Absence of vitamin D receptor (VDR)-mediated PPARγ suppression causes alopecia in VDR-null mice

Vitamin D receptor (VDR) mutations in humans and mice cause alopecia. VDR-null (VDR-/-) mice exhibit lack of postmorphogenic hair cycles as a result of impaired keratinocyte stem cell (KSC) function. To identify the molecular basis for abnormal KSC function, RNA sequencing of wild-type(WT) and VDR-/- KSCs was performed. These studies demonstrated that >80% of differentially expressed genes are up-regulated in VDR-/- KSCs; thus, the VDR is a transcriptional suppressor in WT KSCs. Peroxisome proliferator-activated receptor gamma (PPAR gamma), PPAR gamma coactivator 1 beta (PGC1 beta), and lipoprotein lipase (LPL) were among the up-regulated genes identified.
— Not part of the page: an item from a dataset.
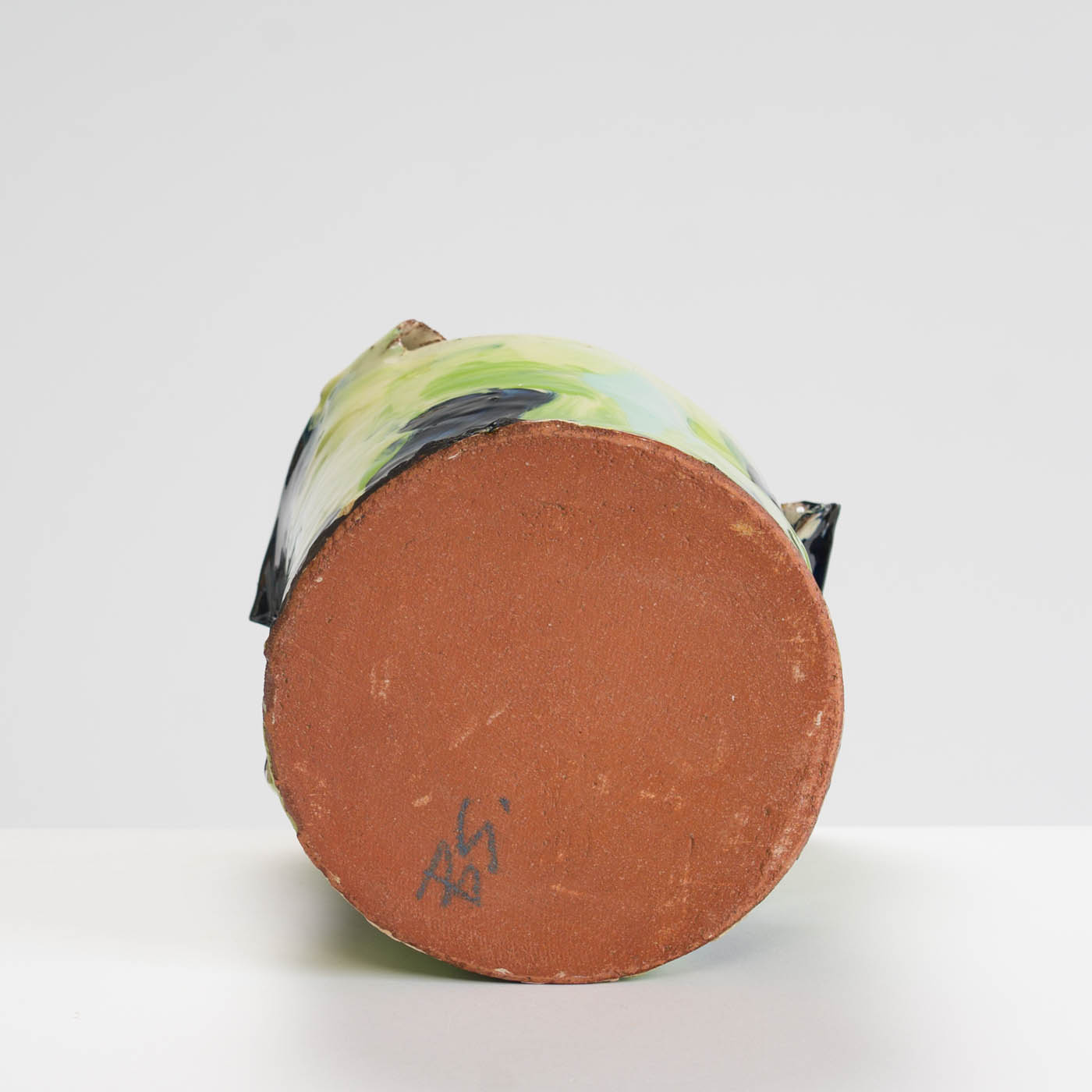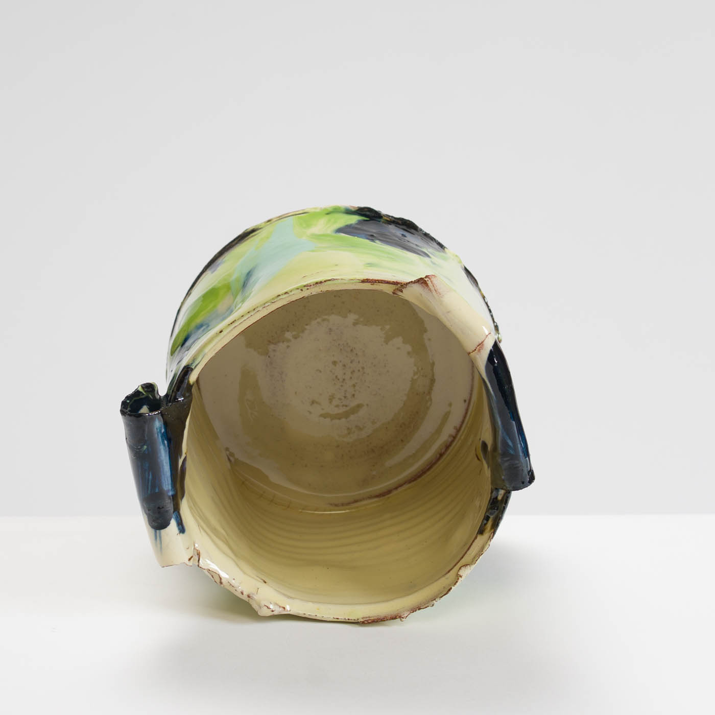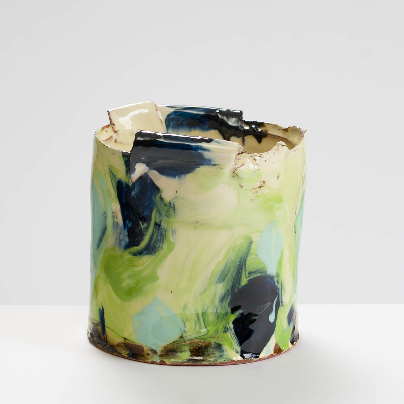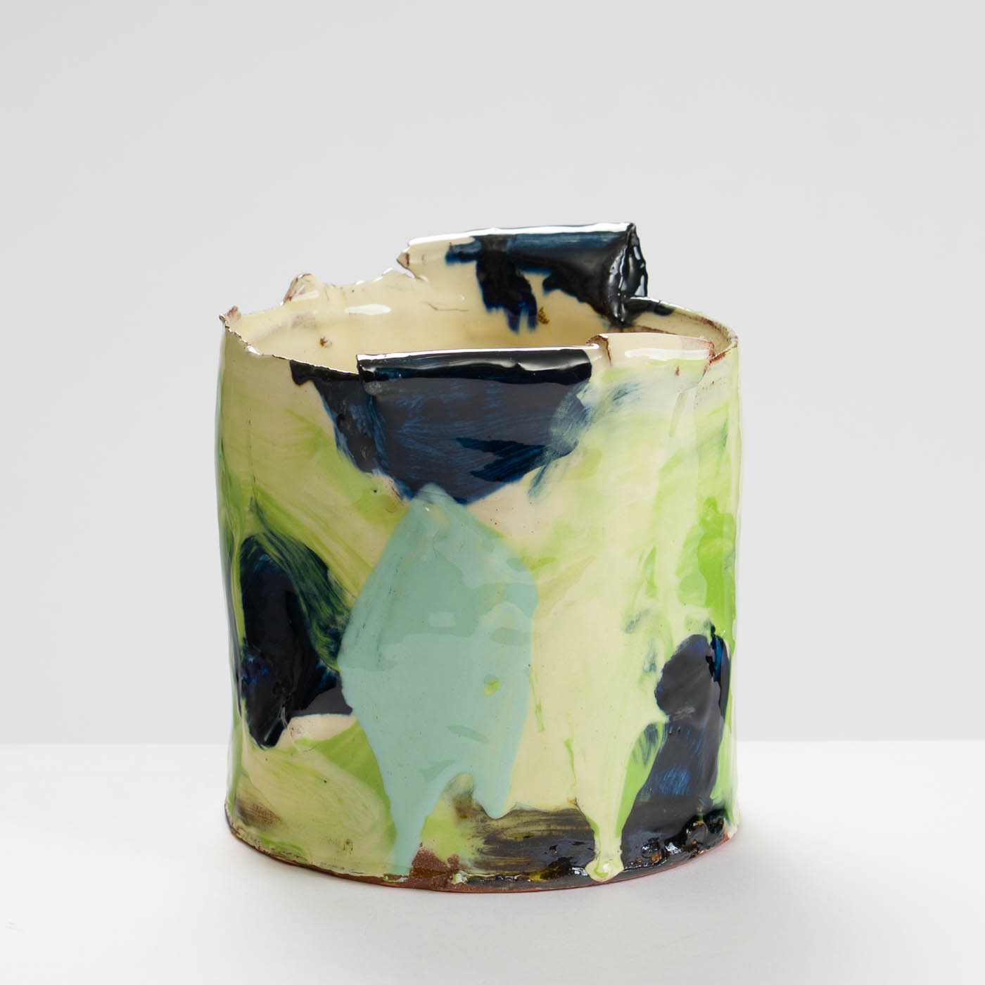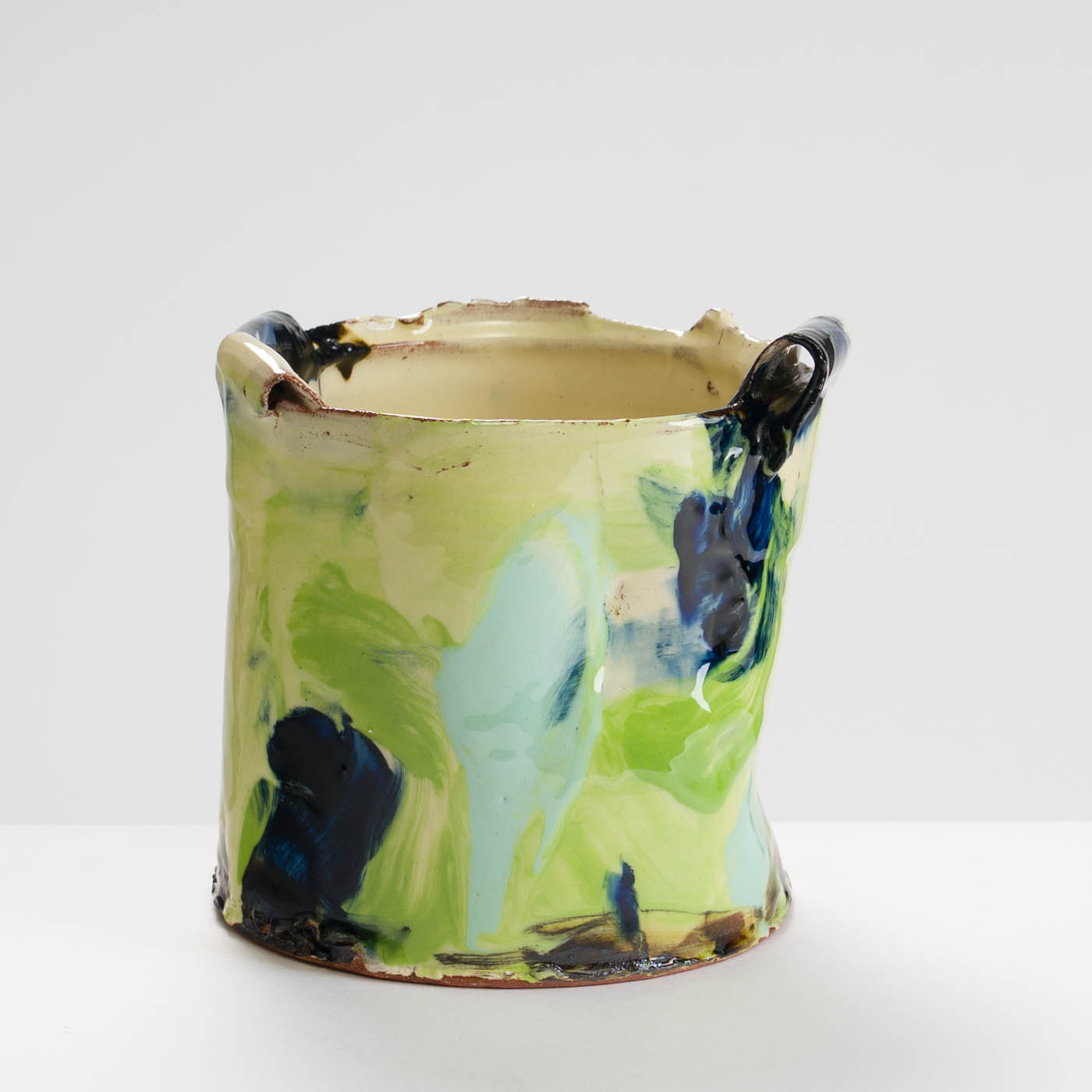 This animated earthenware vessel is thrown soft and altered. It is then decorated in a painterly way with brushed layers of multi-coloured slips, and glaze.

Chromatin immunoprecipitation analyses demonstrated that these genes are direct VDR targets in WT keratinocytes. Notably, VDR occupancy of the PPAR gamma regulatory region precludes PPAR gamma occupancy of this site, based on the observation that PPAR gamma interacts with these sequences in VDR-/- but not WT keratinocytes. This contrasts with the VDR and PPAR gamma co-occupancy observed on PGC1 beta and LPL gene regulatory regions identified. Studies in mice with keratinocyte-specific PPAR gamma haploinsufficiency were performed to identify the functional consequences of enhanced PPAR gamma expression. PPAR gamma haploinsufficiency normalized PPAR gamma mRNA levels in VDR-/- keratinocytes and restored anagen responsiveness in vivo in VDR-/- mice, resulting in hair regrowth. Thus, absence of VDR-mediated PPAR gamma suppression underlies alopecia in VDR-/- mice.